The milker was new that night, and he was struggling. Sasha could see it from the kitchen window. And Travis was sleeping, a sick son beside him in bed. So Sasha pulled sweat pants on under her nightgown and headed out there to help.
For Travis Thomasson, the dark before dawn is the best. Nothing but farmers moving for miles. A spattering of stars in the sky. The sound of a train 10 miles away.
"Nobody out there but me and the cows," he said.
It's a seven-day workweek, with days that can stretch 18 hours long. But there's freedom in this kind of labor. Travis can play plumber one hour, welder the next. He can bring his boys to work, swing them up on a tractor seat, as his father once did with him. He can watch where their fingers point, and answer their whys.
He still talks to his father several times a day, getting advice and giving some of his own. Working together, they cut feed costs on both farms: Tim sends his heifers to Travis in the winter, Travis sends his heifers to Tim for the summer.
Occasionally, there's tension — Travis wants to buy more cows; his father doesn't want him to buy more cows. But mostly, Travis is free to run Double T Dairy as he sees fit.
Tim originally bought the dairy for his oldest son, Gordon, to farm. But in the end, Gordon didn't want the dairying life. So five years ago, Tim made Travis an offer: Head to Mesa, turn the dairy around, and we'll sell it when the time is right.
Everything was exciting in those early days. Travis could hardly sleep.
Then came winter in a town with one grocery, a post office, and a population that, at last count, was little more than 400. There they were, a young couple, surrounded by elderly neighbors, 45 minutes from the nearest mall, in Kennewick.

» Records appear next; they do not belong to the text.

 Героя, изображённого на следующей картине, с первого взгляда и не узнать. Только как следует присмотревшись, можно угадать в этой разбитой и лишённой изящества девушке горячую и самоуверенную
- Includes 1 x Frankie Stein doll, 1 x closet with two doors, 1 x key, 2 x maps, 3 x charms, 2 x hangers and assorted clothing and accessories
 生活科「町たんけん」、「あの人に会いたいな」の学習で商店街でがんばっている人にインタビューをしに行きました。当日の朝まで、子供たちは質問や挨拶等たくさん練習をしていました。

Travis made friends through farm work. But Sasha worked only part-time. And when the children were born, there was even less chance to leave the house. Last year, they joined the volunteer ambulance service so Sasha could meet people. But she still makes monthly trips to play the dice game bunco with her Enumclaw friends.

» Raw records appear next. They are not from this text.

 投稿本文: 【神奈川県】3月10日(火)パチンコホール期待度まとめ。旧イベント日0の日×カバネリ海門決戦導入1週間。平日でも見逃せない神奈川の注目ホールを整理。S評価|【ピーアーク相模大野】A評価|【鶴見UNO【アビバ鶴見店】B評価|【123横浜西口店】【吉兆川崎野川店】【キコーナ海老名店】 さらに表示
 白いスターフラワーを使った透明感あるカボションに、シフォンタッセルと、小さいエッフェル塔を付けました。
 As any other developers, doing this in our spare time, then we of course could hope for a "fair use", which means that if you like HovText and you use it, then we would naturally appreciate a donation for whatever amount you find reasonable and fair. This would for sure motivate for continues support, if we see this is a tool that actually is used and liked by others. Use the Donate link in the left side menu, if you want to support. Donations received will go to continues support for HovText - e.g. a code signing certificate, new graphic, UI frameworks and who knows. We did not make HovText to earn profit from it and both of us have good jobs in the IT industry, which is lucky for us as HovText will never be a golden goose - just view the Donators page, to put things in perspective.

"It's still hard," Sasha said, tears in her eyes, sitting across the kitchen table from Travis. "And it's been five years."
Family is what they miss most. Sunday breakfasts at the Enumclaw farmhouse. Saturday lunches at the cattle auction.
They could go back home anytime. The Mesa farm is turned around now. Tim and Cathy would be happy to sell it — for the right price. Bring back the grandkids. Focus all the family energy on the Enumclaw farm.
But for now, Travis and Sasha will not budge. Good things could be coming. They want to see how far this life will stretch under strain.
They're not asking for much. A bigger house for Sasha. A larger herd for Travis. The freedom to show up at every son's game. Maybe, milk prices willing, they could have it all, somewhere down the line.